Top of SOURCE RECORDS
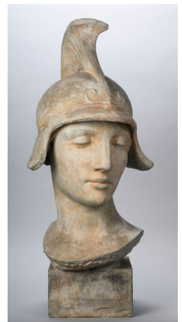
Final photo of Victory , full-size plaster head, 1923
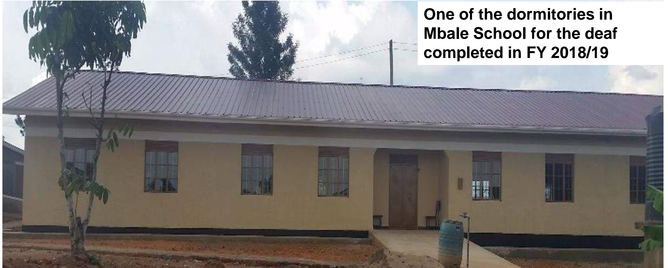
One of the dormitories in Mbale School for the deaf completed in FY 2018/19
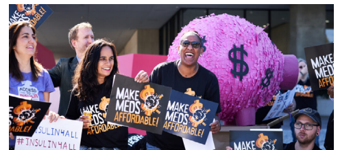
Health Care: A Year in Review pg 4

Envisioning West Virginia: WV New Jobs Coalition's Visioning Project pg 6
Bottom of SOURCE RECORDS
Top of SOURCE RECORDS
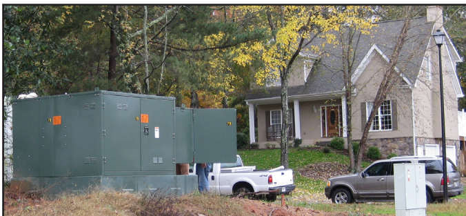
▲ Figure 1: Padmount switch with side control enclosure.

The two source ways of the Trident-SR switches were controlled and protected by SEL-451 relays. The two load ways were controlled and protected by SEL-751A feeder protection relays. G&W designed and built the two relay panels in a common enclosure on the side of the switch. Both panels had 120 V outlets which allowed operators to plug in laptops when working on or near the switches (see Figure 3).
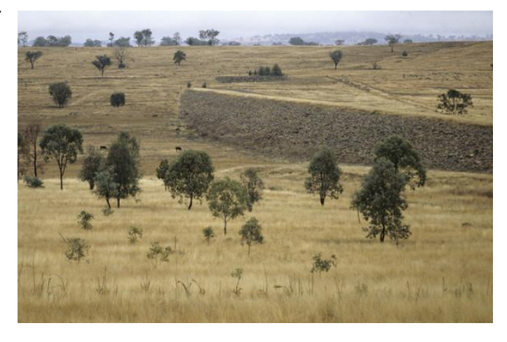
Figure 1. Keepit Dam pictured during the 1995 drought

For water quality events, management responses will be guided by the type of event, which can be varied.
Bottom of SOURCE RECORDS
Top of SOURCE RECORDS
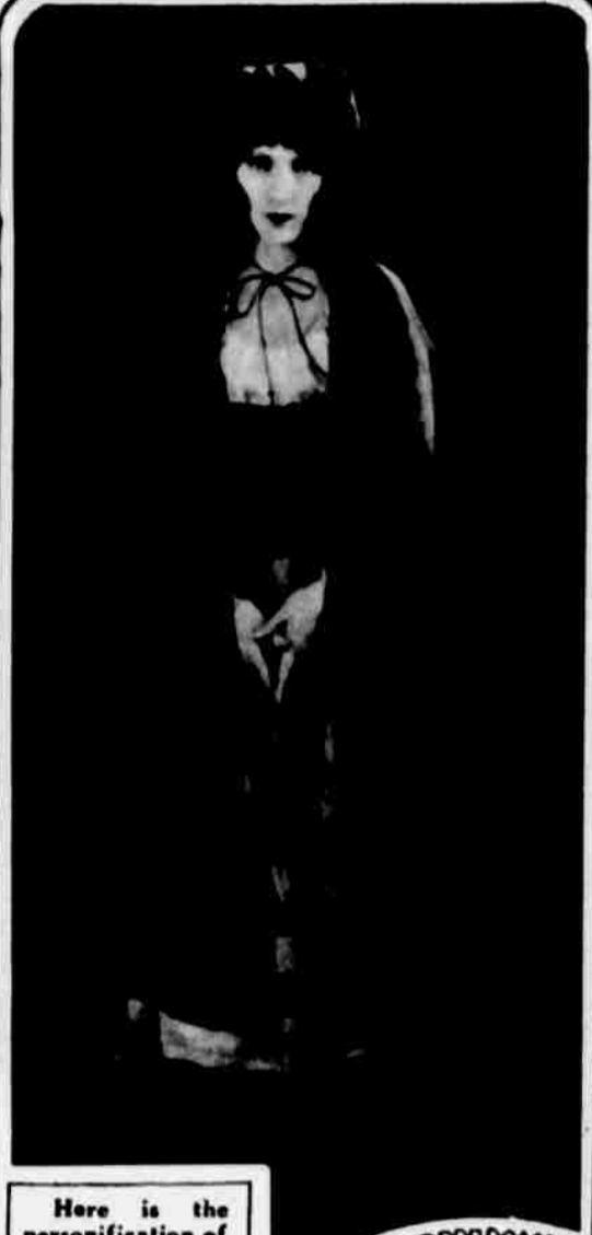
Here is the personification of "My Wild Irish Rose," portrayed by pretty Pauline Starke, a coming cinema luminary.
Bottom of SOURCE RECORDS
> _WHAT TO WORK ON_:
Using the records above, print exactly the lines between the ones containing "Final photo of" and "Envisioning West Virginia: WV", inclusive, and nothing else; no pictures.

> _REPLY TO THE TASK_:
Final photo of Victory , full-size plaster head, 1923
One of the dormitories in Mbale School for the deaf completed in FY 2018/19
Health Care: A Year in Review pg 4

Envisioning West Virginia: WV New Jobs Coalition's Visioning Project pg 6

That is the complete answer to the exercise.